▶ WORK ORDER: Once you find the line with "開卡有禮是針對會員的促銷活動" in the listing below, set down exactly every line from it through the line with "Relaxed two-piece set", but no pictures.

▶ EXERCISE DATA:
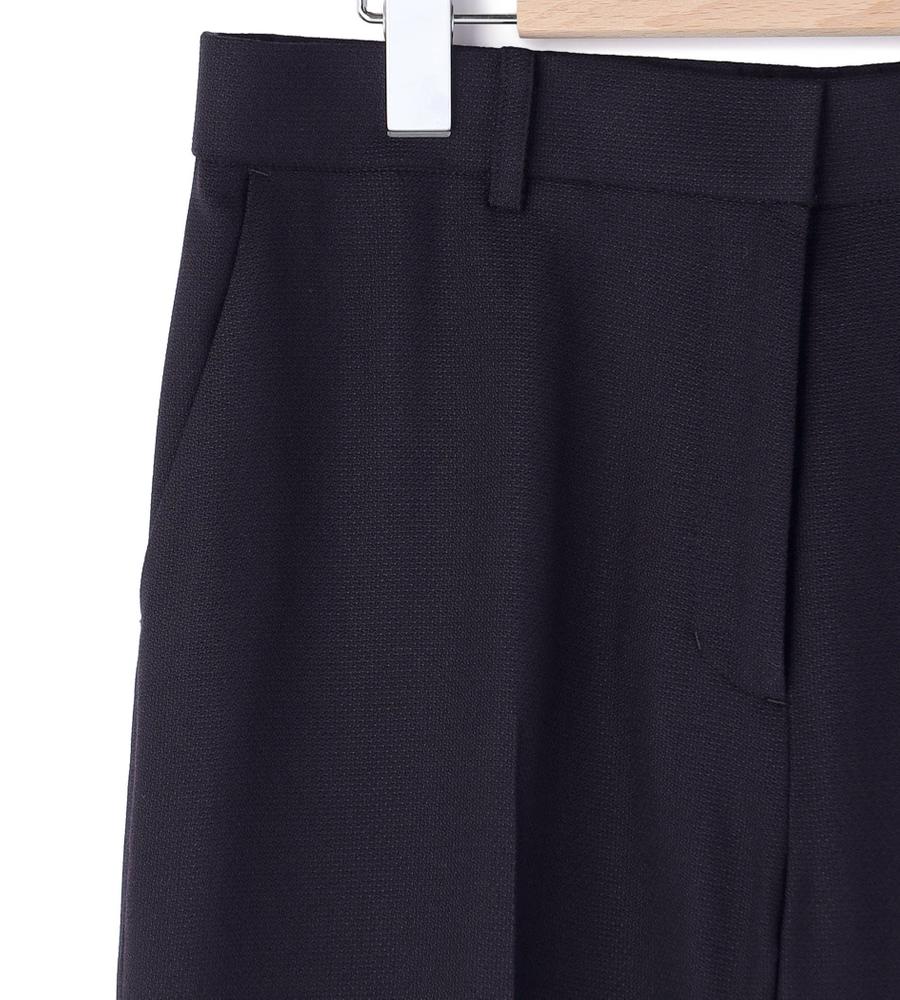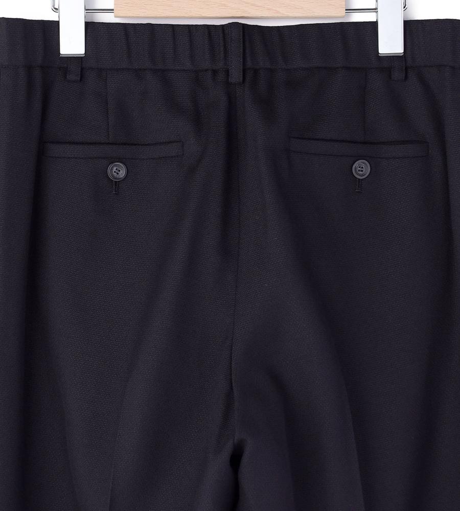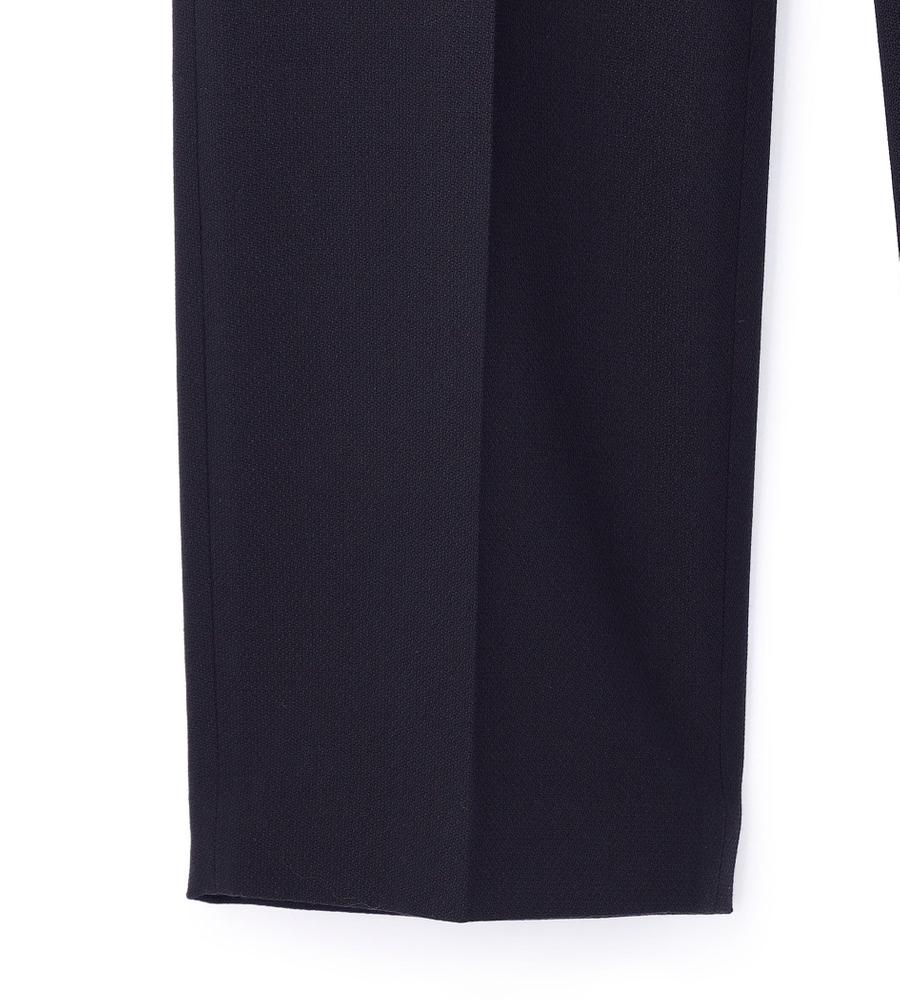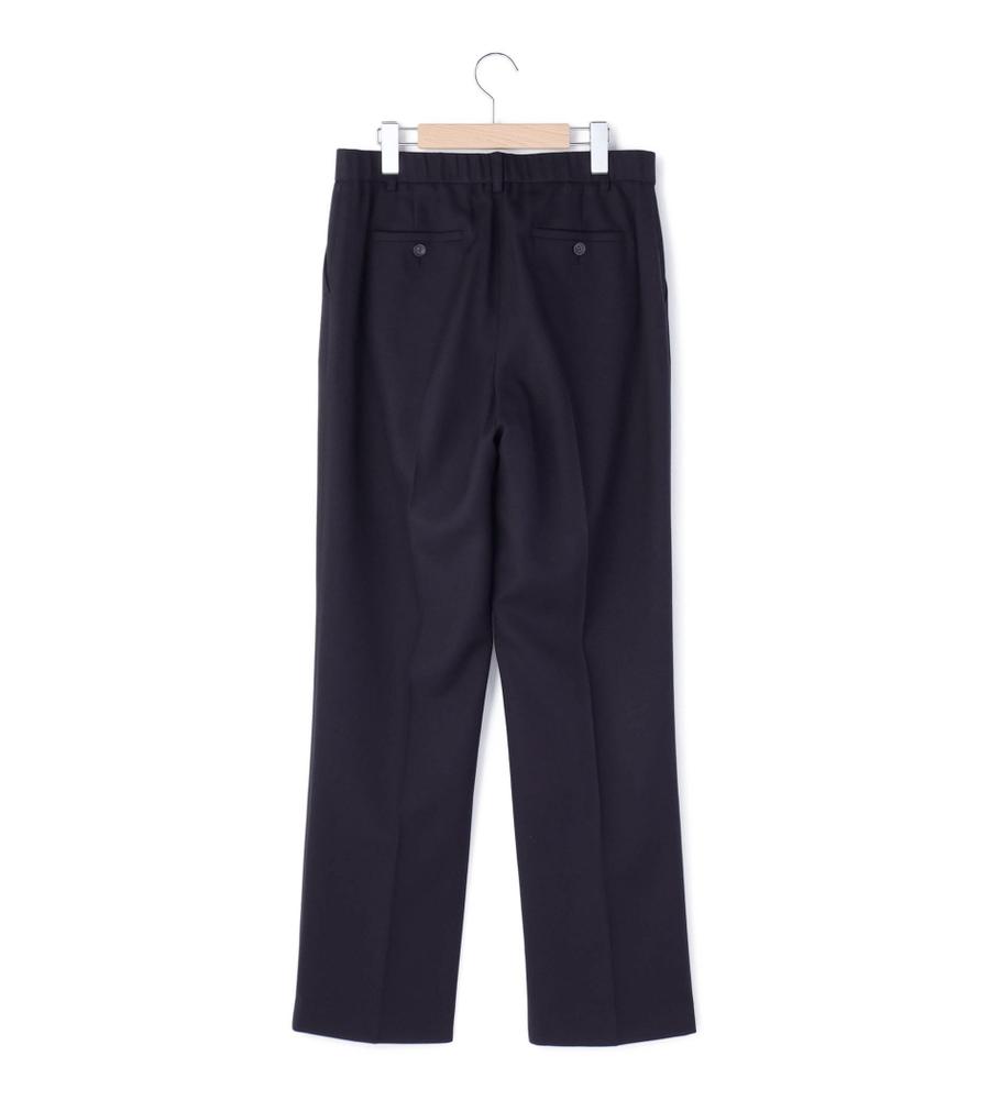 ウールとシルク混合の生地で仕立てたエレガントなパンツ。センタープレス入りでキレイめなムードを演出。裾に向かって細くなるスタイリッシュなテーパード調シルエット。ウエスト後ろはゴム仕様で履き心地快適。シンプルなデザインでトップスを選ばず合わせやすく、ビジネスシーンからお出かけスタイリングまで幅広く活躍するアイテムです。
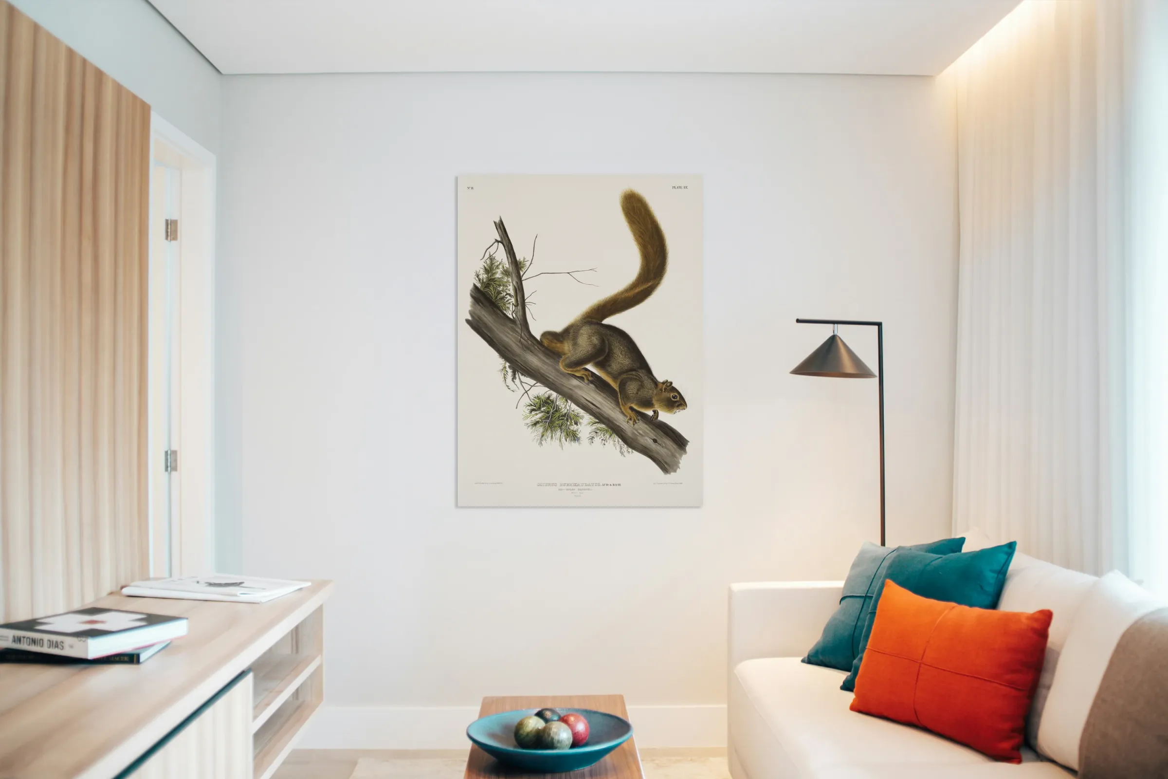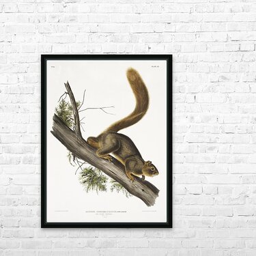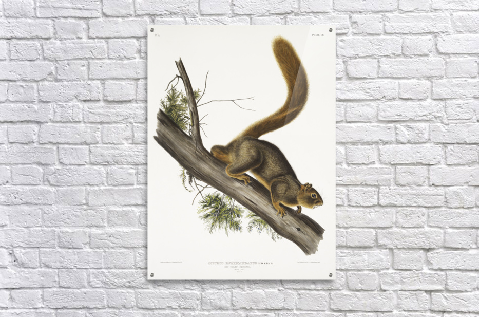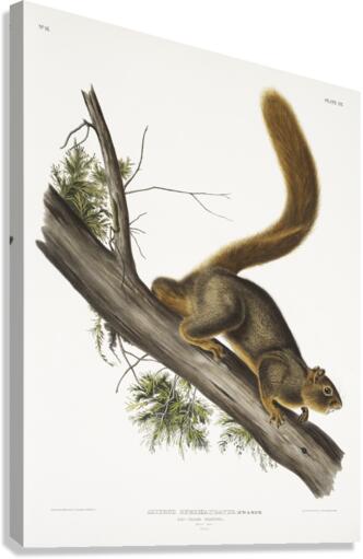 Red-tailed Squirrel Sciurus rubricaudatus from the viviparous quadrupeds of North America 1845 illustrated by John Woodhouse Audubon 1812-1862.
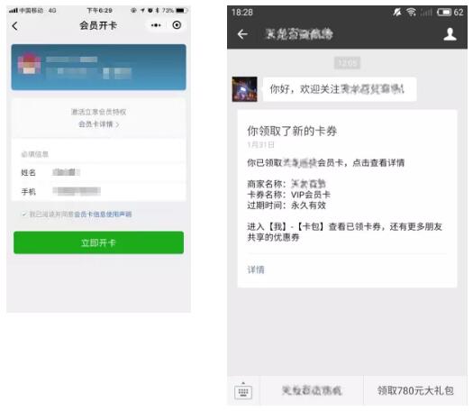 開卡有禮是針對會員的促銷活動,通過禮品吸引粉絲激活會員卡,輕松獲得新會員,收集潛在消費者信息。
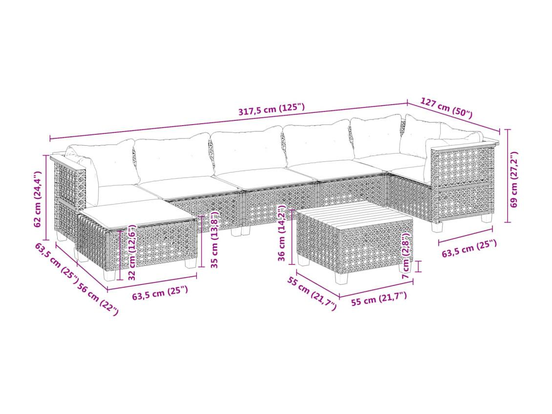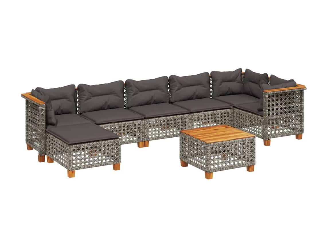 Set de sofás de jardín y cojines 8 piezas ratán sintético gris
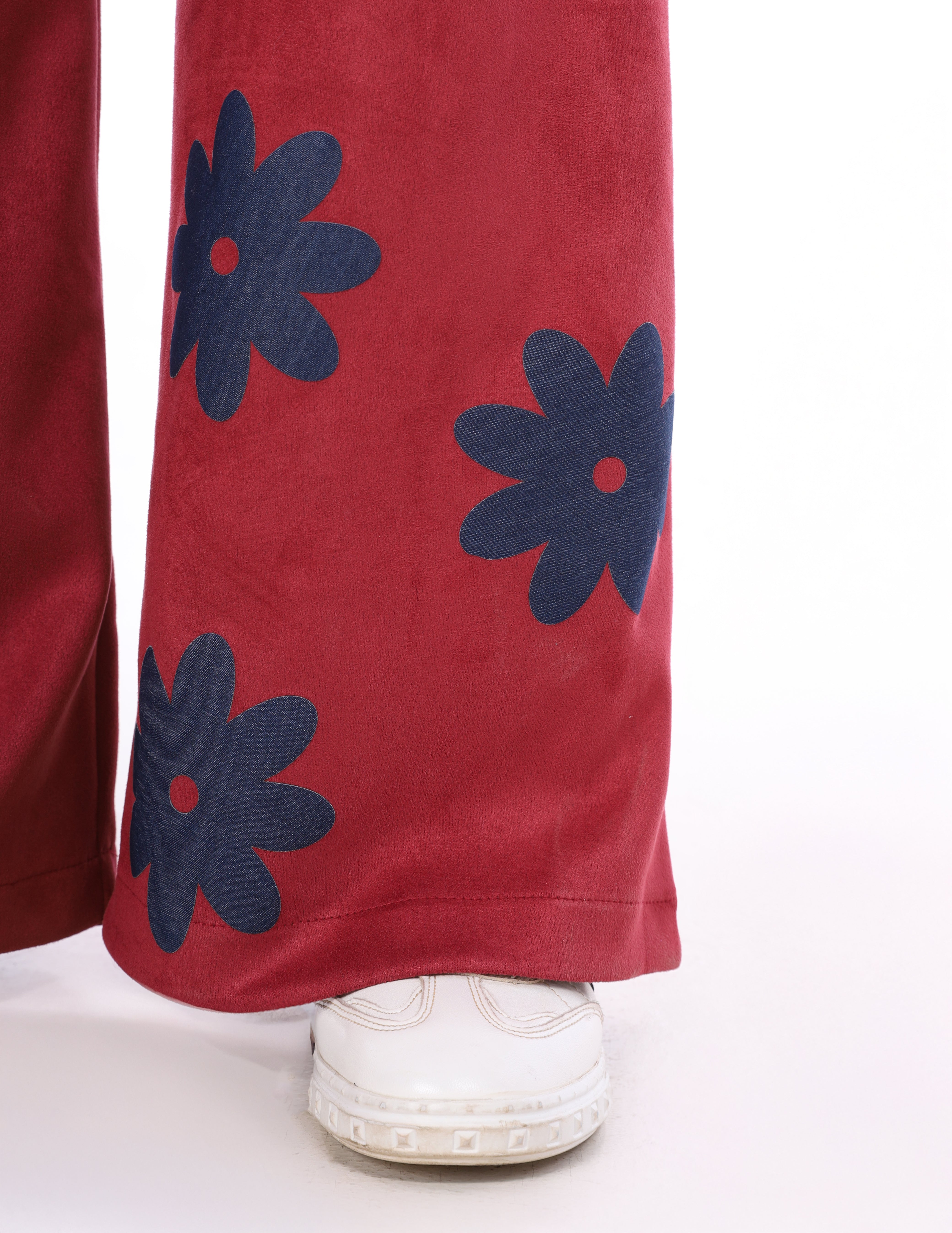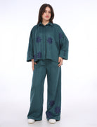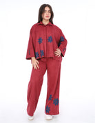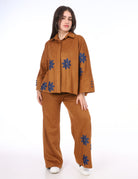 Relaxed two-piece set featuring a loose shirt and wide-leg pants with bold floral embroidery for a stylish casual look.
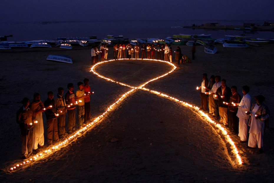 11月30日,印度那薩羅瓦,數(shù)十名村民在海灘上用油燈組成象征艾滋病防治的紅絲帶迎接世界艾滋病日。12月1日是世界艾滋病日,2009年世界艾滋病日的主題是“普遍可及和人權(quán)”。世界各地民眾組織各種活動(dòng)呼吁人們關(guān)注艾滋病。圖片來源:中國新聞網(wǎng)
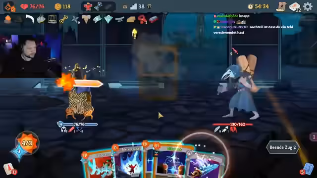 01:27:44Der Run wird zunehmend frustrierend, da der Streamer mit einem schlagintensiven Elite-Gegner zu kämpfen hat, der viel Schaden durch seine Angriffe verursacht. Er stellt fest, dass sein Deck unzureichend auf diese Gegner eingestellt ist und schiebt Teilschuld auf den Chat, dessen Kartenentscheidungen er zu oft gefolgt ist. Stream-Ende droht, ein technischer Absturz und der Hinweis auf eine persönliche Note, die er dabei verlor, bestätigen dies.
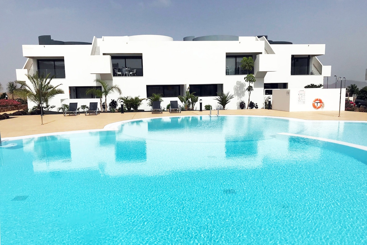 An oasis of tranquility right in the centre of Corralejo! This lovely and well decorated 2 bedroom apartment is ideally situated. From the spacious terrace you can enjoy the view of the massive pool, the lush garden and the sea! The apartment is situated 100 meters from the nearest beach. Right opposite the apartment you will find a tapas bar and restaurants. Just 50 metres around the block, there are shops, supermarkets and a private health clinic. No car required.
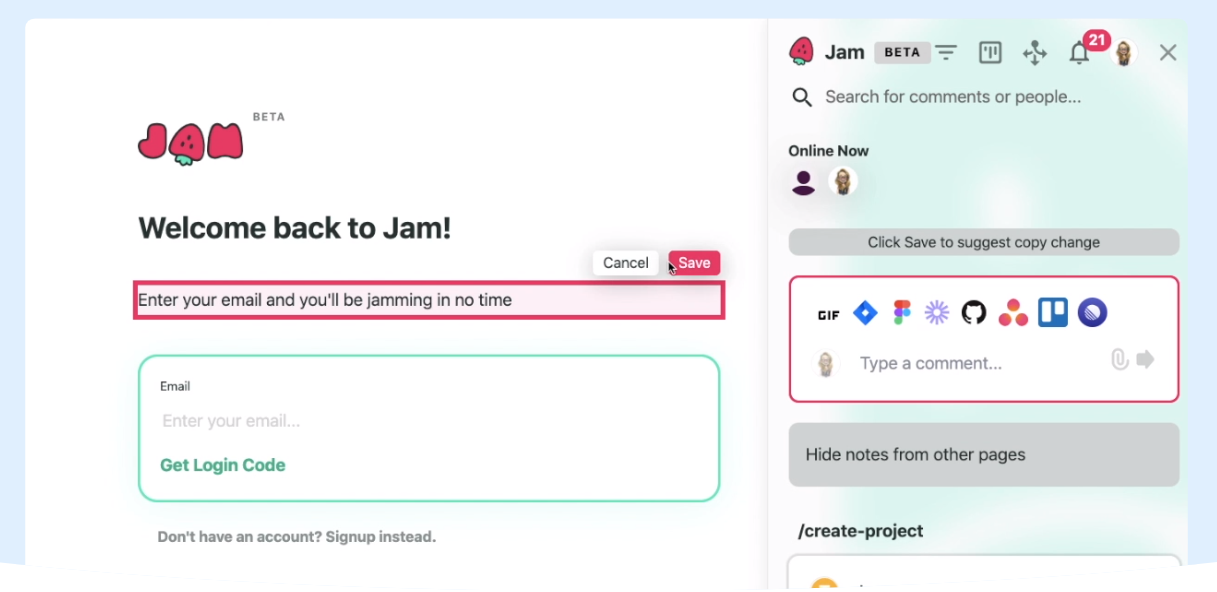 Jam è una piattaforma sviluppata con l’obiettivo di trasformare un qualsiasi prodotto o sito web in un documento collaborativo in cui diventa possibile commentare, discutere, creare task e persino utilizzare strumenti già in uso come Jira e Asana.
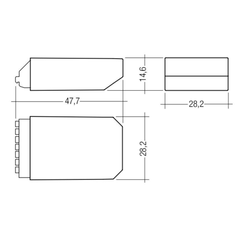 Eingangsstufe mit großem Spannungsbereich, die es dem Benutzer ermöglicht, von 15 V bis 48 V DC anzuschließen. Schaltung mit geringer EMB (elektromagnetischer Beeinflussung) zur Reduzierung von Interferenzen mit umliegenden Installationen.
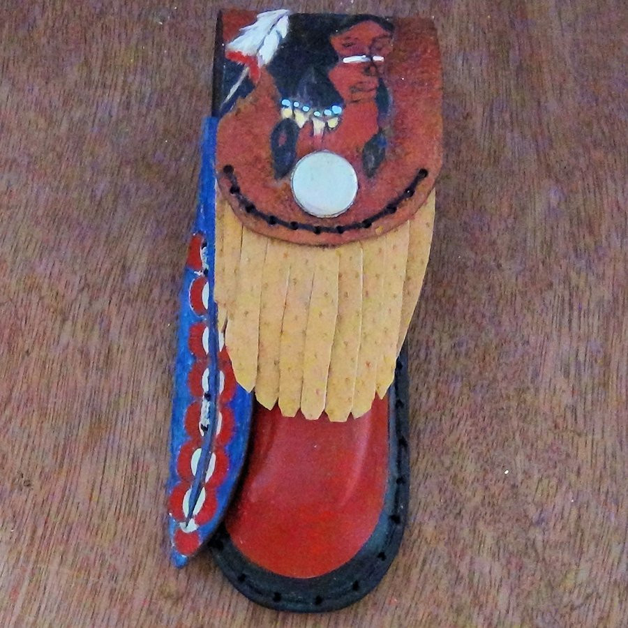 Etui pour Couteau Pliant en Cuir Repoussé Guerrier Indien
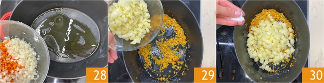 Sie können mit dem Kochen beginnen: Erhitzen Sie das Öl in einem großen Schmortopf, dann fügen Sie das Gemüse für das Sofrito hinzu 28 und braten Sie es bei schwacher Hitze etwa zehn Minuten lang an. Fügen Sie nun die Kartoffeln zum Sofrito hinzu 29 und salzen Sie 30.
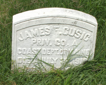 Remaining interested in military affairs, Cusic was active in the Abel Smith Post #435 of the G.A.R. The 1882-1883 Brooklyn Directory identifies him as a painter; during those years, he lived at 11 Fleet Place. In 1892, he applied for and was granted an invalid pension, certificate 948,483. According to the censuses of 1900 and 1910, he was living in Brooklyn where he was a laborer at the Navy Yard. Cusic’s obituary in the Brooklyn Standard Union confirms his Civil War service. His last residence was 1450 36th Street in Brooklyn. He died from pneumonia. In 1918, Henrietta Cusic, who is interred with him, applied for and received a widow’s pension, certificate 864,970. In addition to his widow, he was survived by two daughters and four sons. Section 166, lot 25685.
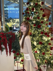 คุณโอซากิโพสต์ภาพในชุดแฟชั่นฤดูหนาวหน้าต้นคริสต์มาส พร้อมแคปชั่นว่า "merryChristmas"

▶ SOLUTION TO THE PROBLEM:
 開卡有禮是針對會員的促銷活動,通過禮品吸引粉絲激活會員卡,輕松獲得新會員,收集潛在消費者信息。
 Set de sofás de jardín y cojines 8 piezas ratán sintético gris
 Relaxed two-piece set featuring a loose shirt and wide-leg pants with bold floral embroidery for a stylish casual look.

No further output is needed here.